Whether you are using the herb for culinary or medicinal uses or not, it is best to regularly pinch back the plant branches to encourage new shoots, thereby producing a bushier plant. If the thyme plant shows signs of over-drying, cut back the afflicted areas and water in well to promote regenerative growth.
Harvesting a Thyme Plant
Thyme and thyme plants can be harvested throughout the summer and through much of the fall in many growing zones. Like most herbaceous plants, harvesting times encourage new growth and fuller plants, which makes the cut and come again method of harvesting advantageous. Harvest thyme in the morning when essential oil levels are at their highest.
Thyme and thyme plants attain maturity anywhere from 70-200 days depending on the variety, but it is well worth the wait. Leaves can be harvested throughout the growing period, which will help the plant grow fuller and more robust. Harvest thyme leaves by pinching or snipping a branch just above a leaf node, using care not to cut back more than one-third of the branch or plant at a time. Continue to pinch off branch tips and leaves from stems to boost new branch and leaf production. Use the leaves fresh, freeze them in an airtight container, or dry them for future use.
Recommended Thyme Varieties
There are many different varieties of thyme plants that vary in height, color, scent, and flavor. When selecting a thyme plant, try rubbing the leaves of the plant to test its fragrance. The more intense the smell of the leaves are, the more flavor they will have. Here are some of our favorite selections when growing thyme.
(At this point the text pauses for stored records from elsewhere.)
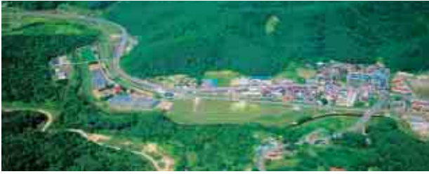
●工業団地の区画図
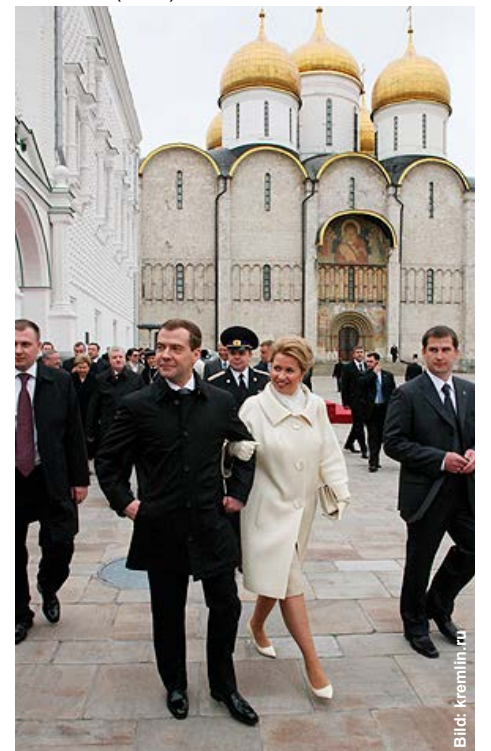
Das russische Präsidentenpaar nach der Amtseinführung im Kreml: „Der Mann ist der Kopf, die Frau der Hals“.

Als Präsidentengattin muss sich Swetlana Medwedewa nun also nicht groß umstellen. Sie kennt das Leben von Empfängen und internationalen Veranstaltungen. Und sie ist wohl auch stolz darauf, dass ihr Dmitri es so weit gebracht hat – mit ihrer Hilfe. (n-ost)
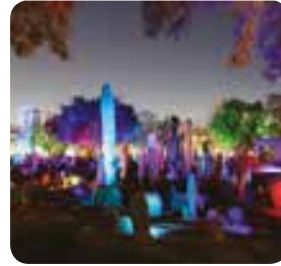
عروض الأضواء الساحرة Light displays on the island
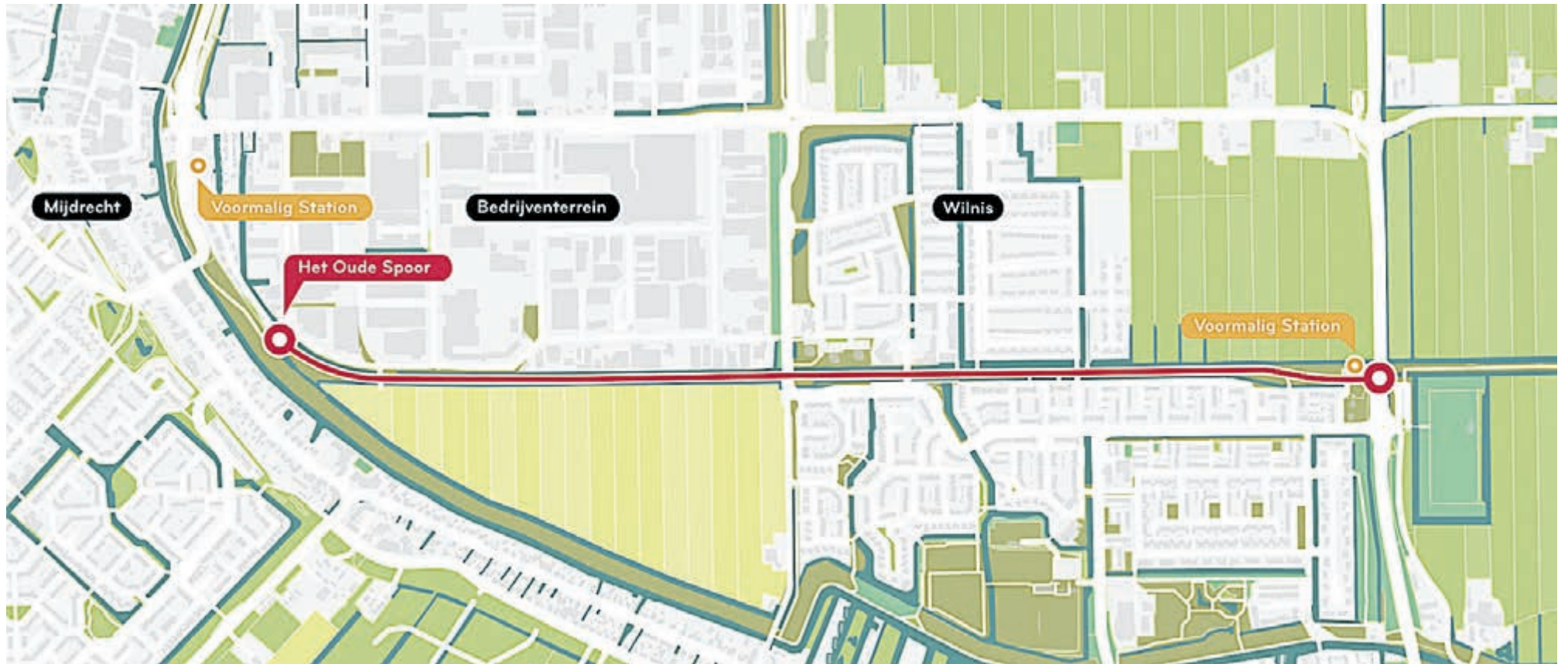
Het Oude Spoor tussen Mijdrecht en Wilnis.
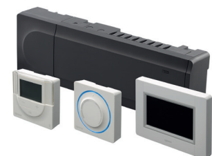
Unitate de comandă multi-cameră Smatrrix Base PRO

Ușor de instalat, configurat și utilizat. Un singur partener de contact pentru toate nevoile dvs.
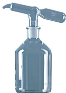
Tête distributrice seule
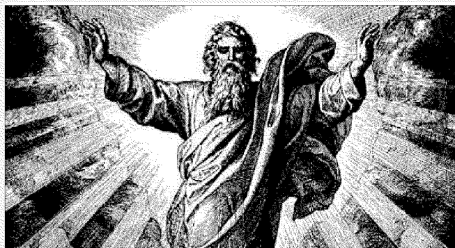
► Queste sono le prime 3 immagini che si trovano cercando God su Google
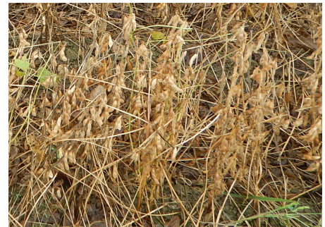
図 エンレイ(10/12時点) 茎・莢ともに褐色となった
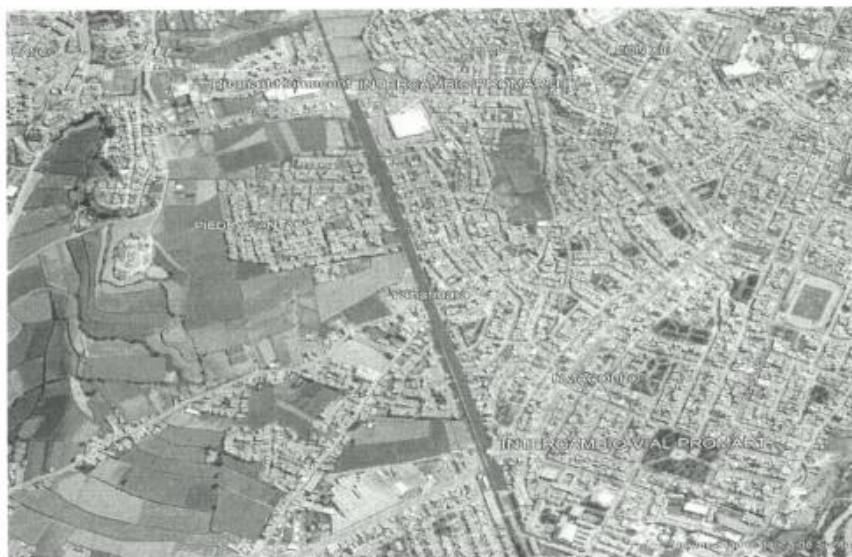
UBICACIÓN DE LA ZONA A INTERVENIR

Municipalidad Provincial de Arequipa, Sede principal: Calle el Filtro 501 Palacio Municipal: Portal de la Municipalidad 110, Plaza de Armas Álvarez Thomas 312, cercado Av. Parra 202, con atención a la Subgerencia de Formulación de Proyectos de Inversión, por mesa de partes.
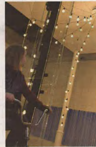
PRØV SELV: «Light pavillion» inviterer deg til å forme verket selv.

- ‘Orangela’ takes 180 to 200 days to reach full maturity. The plant has delicate leaves and an earthy orange taste, making it a culinary masterpiece.
- ‘Common Thyme’ attracts bees and other beneficial pollinators. Most widely planted culinary variety of thyme.
- ‘Creeping Thyme’ makes an aromatic spreading groundcover. Lovely when planted in containers, over a stone wall, or in a rock garden.
- ‘English Thyme’ has a maturation time of 70 days and is a taller variety with light purple to gray colored blooms.
- Lemon Thyme’ is much like common thyme but with a touch of lemon scent and flavor.